The basic premise of the book is a restatement of the importance of Christian doctrine, despite its growing neglect in the modern church, to quote Alan Wolfe:
“Evangelical churches lack doctrine because they want to attract new members. Mainline churches lack doctrine because they want to hold onto those declining numbers of members they have.”(xii)
Through a collection of dramatic metaphors Vanhoozer sets out to show that the gospel is not merely a set of propositional truths that require assent, but is a drama, a performance of words and actions by God, that demand a performance from us in response. Doctrine is therefore essential to determine whether we, as God’s people, are ‘performing truthfully.’ Christian dogma is not incidental but is
“a vital ingredient in the well-being of the church ... [since] it shows us who we are, why we are here, and what we are to do.”(xii-xiii)

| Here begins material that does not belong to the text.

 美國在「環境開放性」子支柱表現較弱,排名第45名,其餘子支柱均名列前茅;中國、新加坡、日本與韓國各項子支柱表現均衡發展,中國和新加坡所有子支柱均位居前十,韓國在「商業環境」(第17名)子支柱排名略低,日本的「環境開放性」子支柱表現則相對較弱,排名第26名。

Vanhoozer then frames God as Scriptwriter; the Holy Spirit as Director (Pastors are assistant directors); Scripture as script, Theologians as dramaturges (advisors as to correct interpretation and performance); the ‘catholic’ church as performing community and so on, exploring the various roles in some depth.

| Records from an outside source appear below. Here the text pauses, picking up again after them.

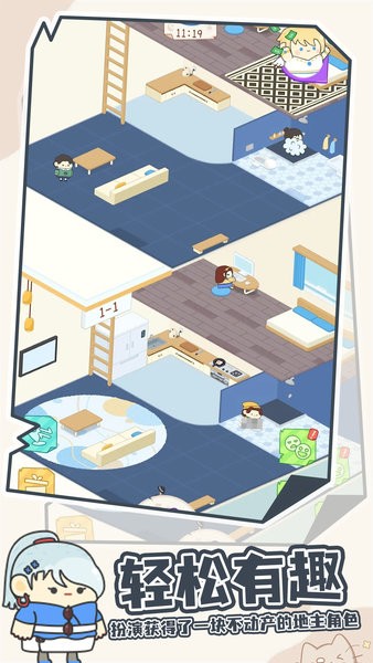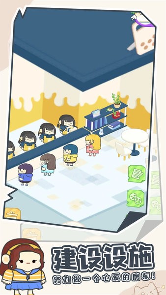 画风可爱的有趣休闲模拟经营类游戏。在游戏中,玩家代入成为包租婆,每天收租。当然还得获得租客的好评才能越来越多的人租你的房子。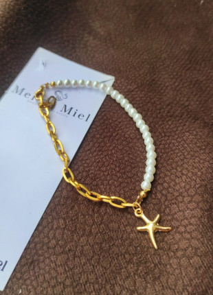 Pulsera de perlas y cadena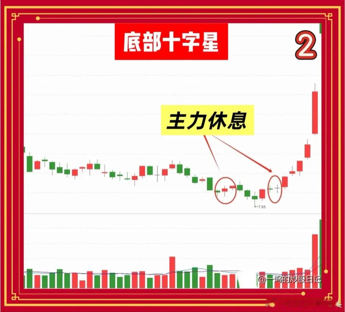 涨升初中期出现普通十字星,上下影线均衡,属清洗浮筹行为,次日放量重拾升势可顺势加仓。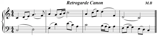 - کانن قهقرایی[persian-alpha 5] نسبت به کاننهای دیگر پیچیدهتر است بدینصورت که صدای دوم، تقلید از ملودی اصلی را از پایان آن شروع میکند و در پایان ملودی اصلی به آغاز میرسد.
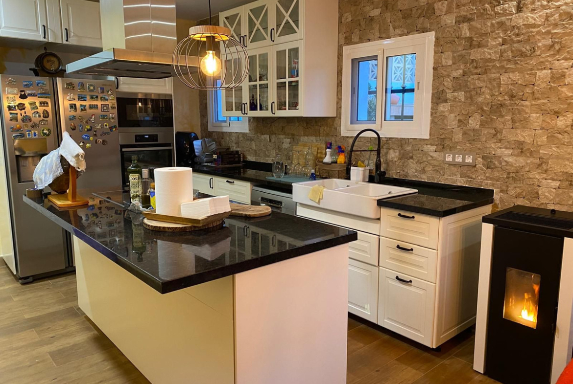 All the bedrooms and the living room of the villa have air conditioning and wardrobes, and the house has photovoltaic panels. On the ground floor, there is a pellet stove.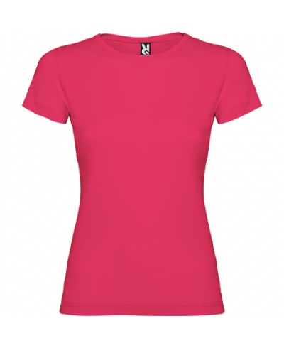 Tailliertes Damen T-Shirt. 1x1 gerippter Rundhalskragen, doppellagig. Nackenband, Seitennähte.
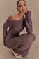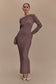 One Shoulder Fluffy Knit Midi Dress - Pecan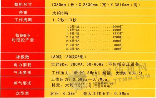 3、本機(jī)采用先進(jìn)的變頻原理,襪板的工作周期可根據(jù)定型工藝要求做任意調(diào)節(jié)。最短工作周期是1.2秒,最大產(chǎn)量每8小時班產(chǎn)量約2000打(按理論數(shù)據(jù)計算)。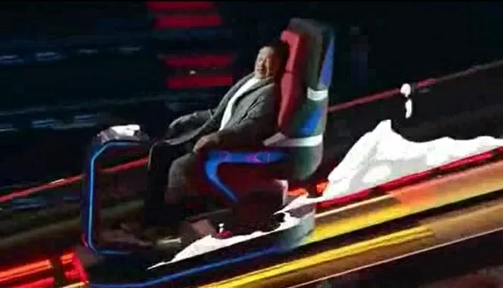 《中國新歌聲》今次的導師陣容有陳奕迅、周杰倫、那英和劉歡,不過未開播已經相當有「火藥味」。一向古靈精怪的周杰倫將比賽環節最重要的道具導師戰車當成了整蠱道具,嚴肅的比賽現場險些變成「車禍」現場。從片段中可見,周杰倫先把陳奕迅騙上「戰車」,然後叫工作人員將車速加快,幾乎嚇到陳奕迅「花容失色」。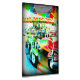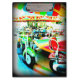 Uma foto retrógrada de uma cena de carnaval. Uma feliz circula composta por motocicletas. Uma viagem divertida e bons tempos no parque de diversões. Cores brilhantes e coloridas do carnaval com um olhar nostálgico agradável e datado.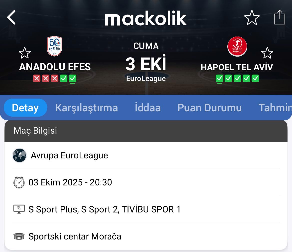 Anadolu Efes, EuroLeague'deki ikinci maçında Hapoel Tel Aviv ile karşılaşacak.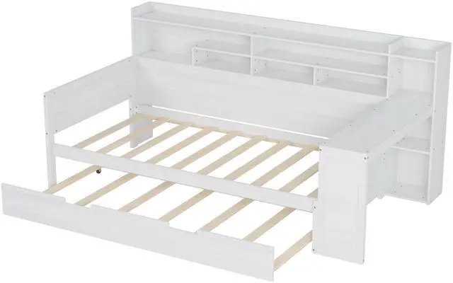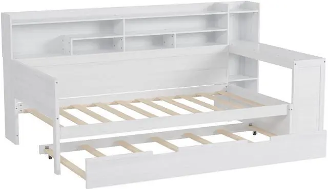• Wooden Twin Size Daybed with Storage Shelves, Multi-functional Bed with Twin Size Trundle Bed and Study Desk, Antique White(Old SKU: N733S242275K)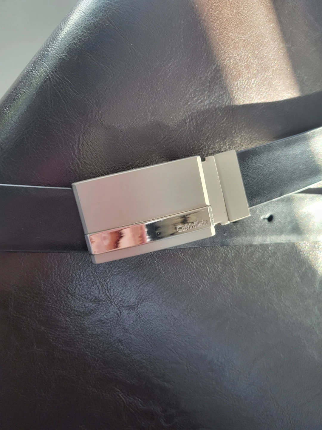 This Calvin Klein belt features a silver-tone buckle and is reversible, offering black and brown sides. It's a versatile accessory for your wardrobe. Belt is size 40. Xl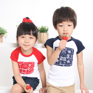 2010品牌流行童装沙虫日韩插肩撞色印花仿牛仔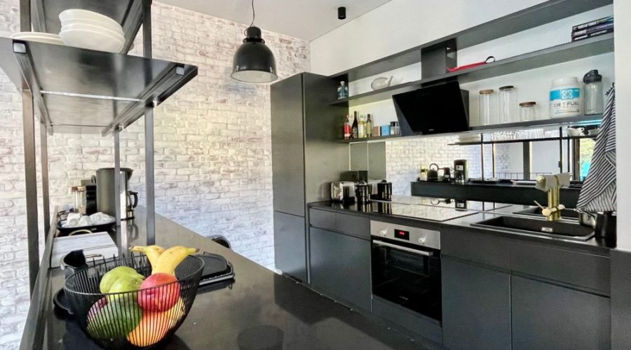 A fully equipped open-plan kitchen with top-of the line appliances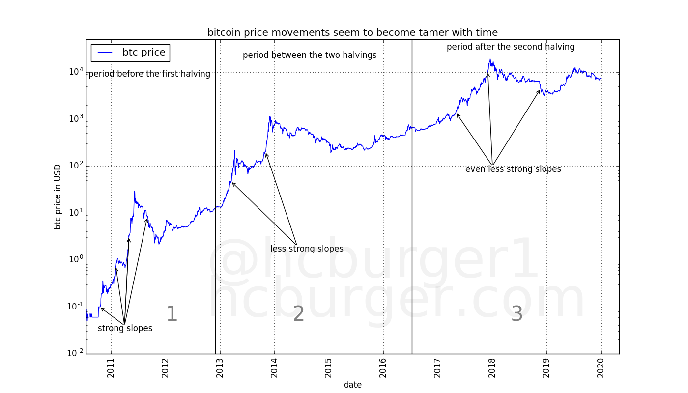 However, short-term price movement statistics should be tamer in the fourth halving period than in the third, for the same reason as statistics in the third period are tamer than in the second period.

This dramatic framework is most helpful as a broad hermeneutical approach since it allows for the diverse genres found in Scripture, although we must be careful not to overstate the case. The Bible is certainly not a script in the usual sense of the word and we are not called to simply perform it. (cf 252) Among other things, the Bible is a record of how others have ‘performed’, which, depending upon a range of hermeneutical factors, may or may not be prescriptive for us. The idea of drama is helpful but the analogy could be pushed too far.
The concept of the theologian as dramaturge is particularly perceptive, as they realign and provoke us to ensure we are ‘performing the gospel truthfully’. For this reason, the theologian
“is responsible for knowing both the script and what Christians have said and done with it in different times and places… Though theologians are first and foremost apprentices of the canonical text, they must also be apprentices of church history.”

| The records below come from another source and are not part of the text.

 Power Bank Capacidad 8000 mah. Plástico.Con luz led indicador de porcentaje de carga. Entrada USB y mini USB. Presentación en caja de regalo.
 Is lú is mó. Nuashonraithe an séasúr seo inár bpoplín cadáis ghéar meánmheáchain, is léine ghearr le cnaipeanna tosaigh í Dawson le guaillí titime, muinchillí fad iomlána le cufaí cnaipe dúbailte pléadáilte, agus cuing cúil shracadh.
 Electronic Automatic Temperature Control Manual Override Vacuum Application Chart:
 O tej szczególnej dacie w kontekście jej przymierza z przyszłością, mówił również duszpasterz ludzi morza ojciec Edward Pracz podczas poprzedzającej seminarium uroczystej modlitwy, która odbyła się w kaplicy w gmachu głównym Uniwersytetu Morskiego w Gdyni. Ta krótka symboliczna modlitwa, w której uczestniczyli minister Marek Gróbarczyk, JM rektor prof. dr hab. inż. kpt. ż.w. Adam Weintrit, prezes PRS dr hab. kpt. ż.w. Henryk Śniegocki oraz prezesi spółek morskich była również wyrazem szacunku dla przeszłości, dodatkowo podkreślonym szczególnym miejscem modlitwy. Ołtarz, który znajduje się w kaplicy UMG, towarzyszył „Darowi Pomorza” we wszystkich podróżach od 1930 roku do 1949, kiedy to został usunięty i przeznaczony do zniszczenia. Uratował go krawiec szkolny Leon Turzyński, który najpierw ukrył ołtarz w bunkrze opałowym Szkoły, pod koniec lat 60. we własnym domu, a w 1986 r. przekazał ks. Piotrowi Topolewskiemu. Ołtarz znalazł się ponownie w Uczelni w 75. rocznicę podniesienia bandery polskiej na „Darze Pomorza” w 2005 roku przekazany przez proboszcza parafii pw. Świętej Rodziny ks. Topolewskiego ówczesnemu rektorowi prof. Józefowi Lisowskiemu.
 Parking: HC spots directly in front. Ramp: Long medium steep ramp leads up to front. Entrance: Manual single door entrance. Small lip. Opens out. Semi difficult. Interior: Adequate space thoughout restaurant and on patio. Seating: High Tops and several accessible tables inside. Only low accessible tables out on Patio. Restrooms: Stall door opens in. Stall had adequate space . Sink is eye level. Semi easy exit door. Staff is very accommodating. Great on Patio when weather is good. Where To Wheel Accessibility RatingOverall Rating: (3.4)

(349) (Now there’s a challenge!) Nevertheless, we must not think that theological reflection should take place before the performance (as Vanhoozer seems to imply) but is an ongoing process alongside it, shaping and developing it (eg Acts 15).
In short, The Drama of Doctrine is a fascinating and illuminating read, with some brilliant nuggets. The challenge is that they require considerable digging to find them!